Par Prosper Buhuru
Une coalition de 81 organisations de la société civile réunies au sein de la Mobilisation pour la Sauvegarde de la Souveraineté et de l’Autonomie Congolaise (MOSSAC) a exprimé, dimanche 15 mars 2026, ses préoccupations au sujet des accords conclus entre la République démocratique du Congo, les États-Unis et le Rwanda, communément appelés « Accords de Washington ».
Dans un communiqué de presse, cette coalition d’organisations congolaises estime que ces accords, signés en décembre 2025, soulèvent plusieurs préoccupations liées à la souveraineté nationale, à la sécurité et à la gestion des ressources naturelles du pays.
Selon le document, trois textes composent ces accords. Le premier, présenté comme un accord de paix entre la RDC et le Rwanda, vise à favoriser la stabilisation dans les zones affectées par le conflit. Le second établit un cadre d’intégration économique régionale permettant une exploitation conjointe de certaines ressources. Le troisième, conclu entre la RDC et les États-Unis, porte sur un partenariat stratégique prévoyant notamment l’identification de projets miniers liés au coltan, au cuivre, au manganèse et à l’or.

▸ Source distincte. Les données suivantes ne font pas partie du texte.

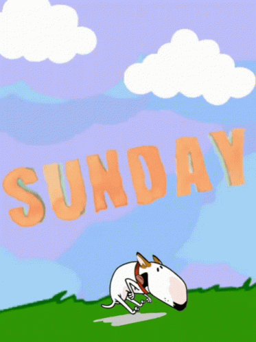 A cheerful cartoon dog runs on green grass under a sky with clouds, as the word 'SUNDAY' rotates above.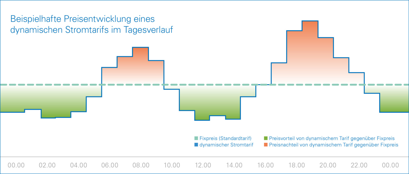 Voraussetzung für diesen Tarif ist der Einsatz eines intelligenten Messsystems, auch Smart Meter genannt. Dieses erfasst den Verbrauch in 15-Minuten-Intervallen und übermittelt die Daten an den Messstellenbetreiber und dieser wiederum an den Stromanbieter. Dadurch kann der Stromverbrauch genau nach den stündlichen Börsenpreisen abgerechnet werden. Kunden mit einem dynamischen Stromtarif erhalten eine monatliche Abrechnung. Besonders günstige Strompreise gibt es dann, wenn besonders viel aus erneuerbaren Quellen verfügbar und die Nachfrage gleichzeitig gering ist. Das ist an sonnigen Tagen beispielsweise mittags und nachmittags der Fall.

La coalition affirme soutenir toute initiative susceptible de favoriser la paix dans l’est du pays, mais estime que plusieurs dispositions de ces accords nécessitent des garanties supplémentaires pour préserver les intérêts de la RDC.
Parmi ses principales revendications, MOSSAC appelle le Gouvernement congolais à suspendre toute mise en œuvre des dispositions relatives à l’exploitation des ressources naturelles tant que les zones occupées ne seront pas libérées et que les sites miniers ne seront pas restitués à leurs propriétaires légitimes.
La coalition demande également au Parlement congolais de conditionner l’application de certains volets des accords au respect préalable de la résolution 2773 du Conseil de sécurité des Nations unies adoptée en février 2025, ainsi qu’au rétablissement d’une gouvernance constitutionnelle dans les territoires concernés.
Les organisations signataires plaident, par ailleurs, pour une révision du partenariat stratégique conclu avec les États-Unis, afin de garantir que les décisions concernant les politiques minières, économiques et législatives demeurent sous l’autorité des institutions congolaises.
Dans le même communiqué, la coalition propose la création d’un tribunal spécifique chargé de documenter et de poursuivre les crimes de guerre, les crimes contre l’humanité et les violations des droits humains liés au conflit dans l’est du pays. Une telle structure pourrait, selon elle, transmettre certains dossiers à la Cour pénale internationale ou à la Cour internationale de Justice.
Enfin, MOSSAC appelle à la mise en place de comités citoyens de suivi dans plusieurs provinces de l’est, notamment le Nord-Kivu, le Sud-Kivu et l’Ituri, afin de surveiller la mise en œuvre des engagements pris dans le cadre de ces accords. La coalition estime également que les textes devraient être traduits dans les langues nationales, afin de permettre une meilleure compréhension par la population.
À travers cette prise de position, les organisations signataires affirment vouloir contribuer au débat national sur les conditions d’une paix durable, fondée sur la sécurité, la justice, la responsabilité et le respect de la souveraineté de la RDC.